(Recorded data)

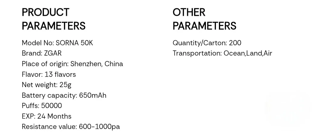 Specifications – ZGAR 50000 Puffs Disposable Vape
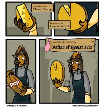 Similarly, chemists and potion makers can create any liquid or potion by mixing two liquids in kept test tubes. There may be a chance (depending on the game) of getting a small explosion instead, which can have any effect from simply coating the face with a harmless dark, dusty substance, to changing the potion maker into an animal.
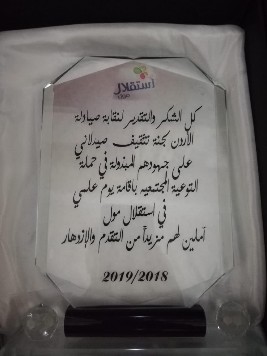 دشّنت لجنة تثقيف صيدلاني النقابية المنبثقة عن نقابة صيادلة الاردن، اولى نشاطاتها المجتمعية بنجاح باهر وبتميز في تقديم الخدمات الصيدلانية والاستشارات الدوائية لمئات المواطنين الذين انضموا لجناح اللجنة في الاستقلال مول.
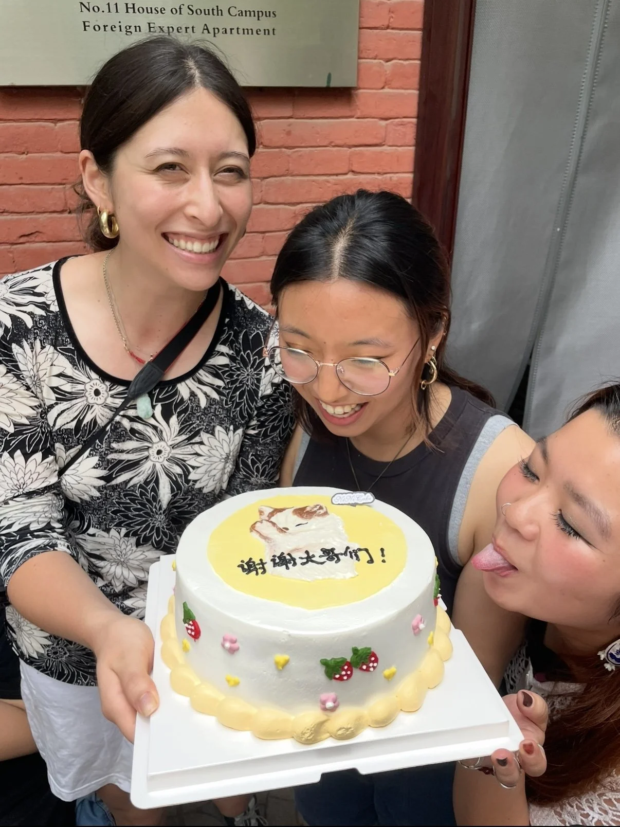 Dina, Elaine, and Tiffany with their 谢谢大哥 (xie4 xie4 da4 ge1, thank you older brother) cake
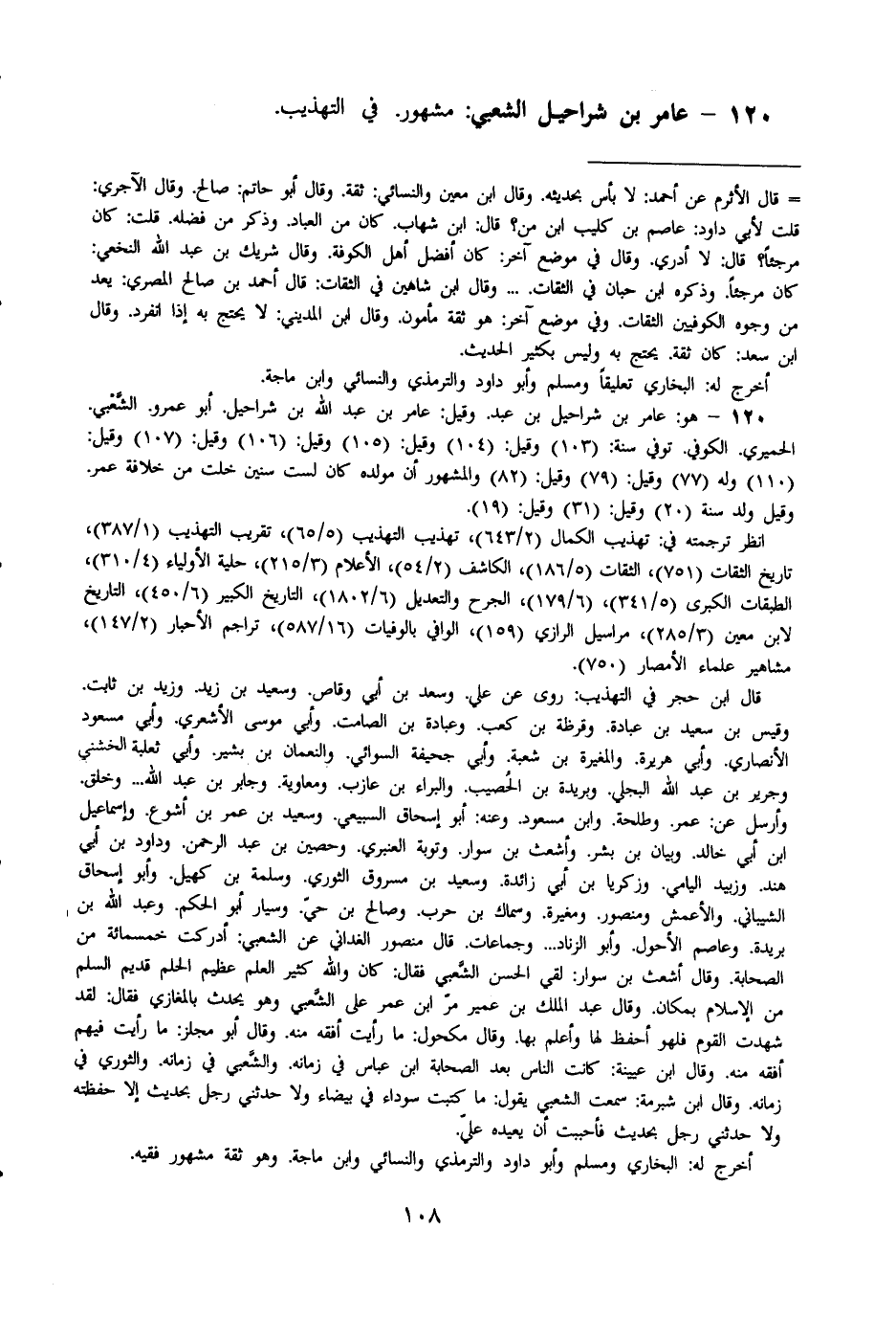 120 - عَامر بن شرَاحِيل الشّعبِيّ مَشْهُور فِي التَّهْذِيب
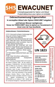 - Die chemische Formel des SHS EWACUNET ist speziell für die Beseitigung von hartnäckigen Verstopfungen entwickelt worden. Sie wirkt schnell und zuverlässig, um Ihre Abflüsse wieder frei zu bekommen.
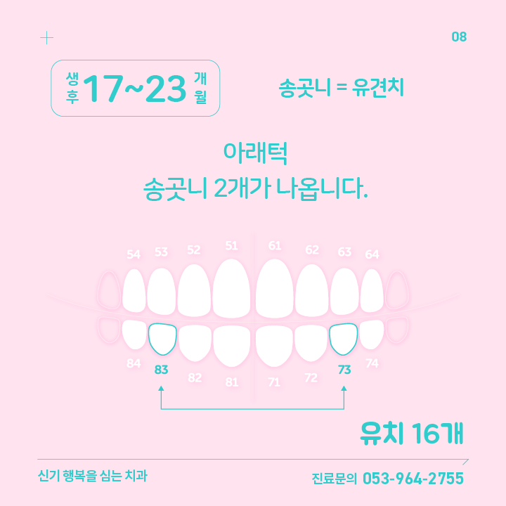 | 08 | 생후 17~23 개월 | 아래턱 송곳니 2개 | 73번, 83번 | |
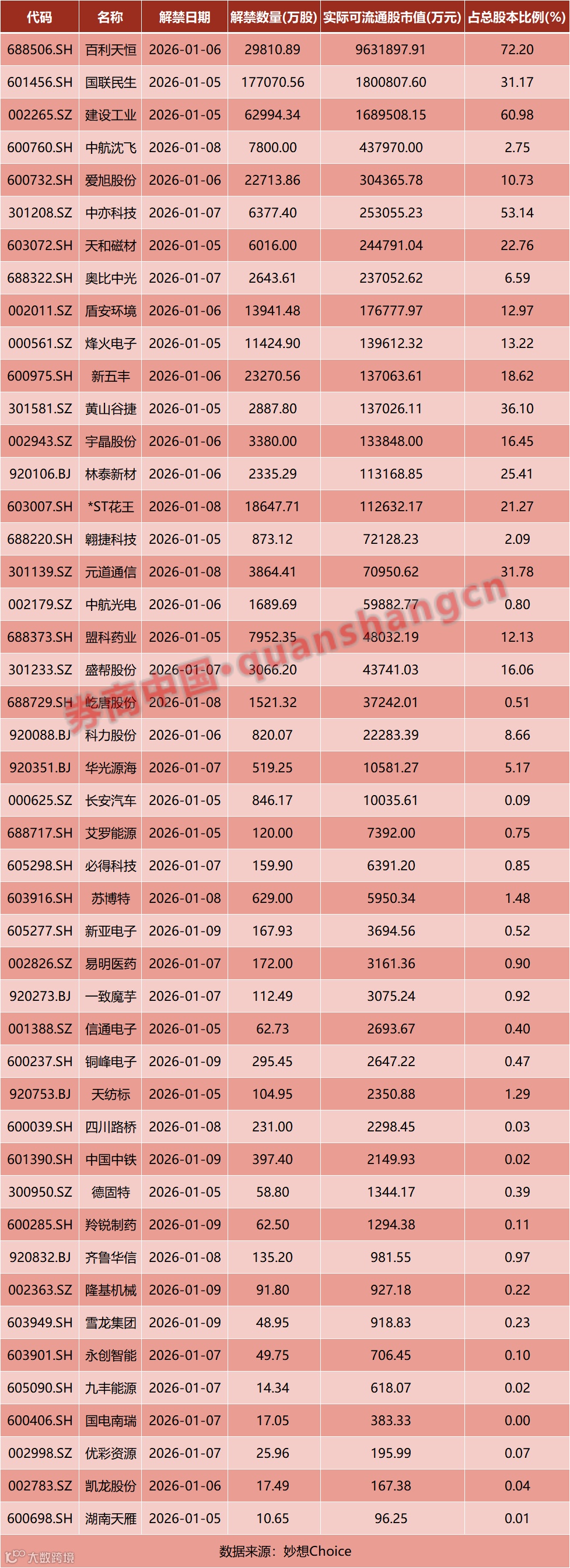 从解禁占比来看,解禁占比居前三位的是:百利天恒(72.2%)、建设工业(60.98%)、中亦科技(53.14%)。
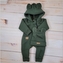 Oteplený dětský overal bez šlapek s kapucí + čepička, 2D, khaki, vel. 86; 86 (12-18m)
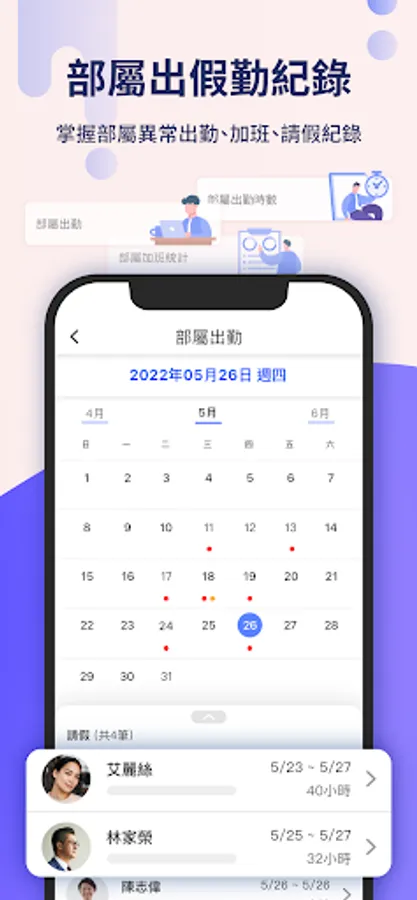Use the calendar to check whether there are abnormal attendance and leave status every day, and can query the overtime records, total overtime hours, and the corresponding total hours of compensatory leave and overtime pay for all employees in a specific area.

### Task statement
Return exactly the stretch above whose first line contains "120 - عَامر" and whose last line contains "73번, 83번 | |", and nothing outside it. The pictures should not appear.

### Solved problem
 120 - عَامر بن شرَاحِيل الشّعبِيّ مَشْهُور فِي التَّهْذِيب
 - Die chemische Formel des SHS EWACUNET ist speziell für die Beseitigung von hartnäckigen Verstopfungen entwickelt worden. Sie wirkt schnell und zuverlässig, um Ihre Abflüsse wieder frei zu bekommen.
 | 08 | 생후 17~23 개월 | 아래턱 송곳니 2개 | 73번, 83번 | |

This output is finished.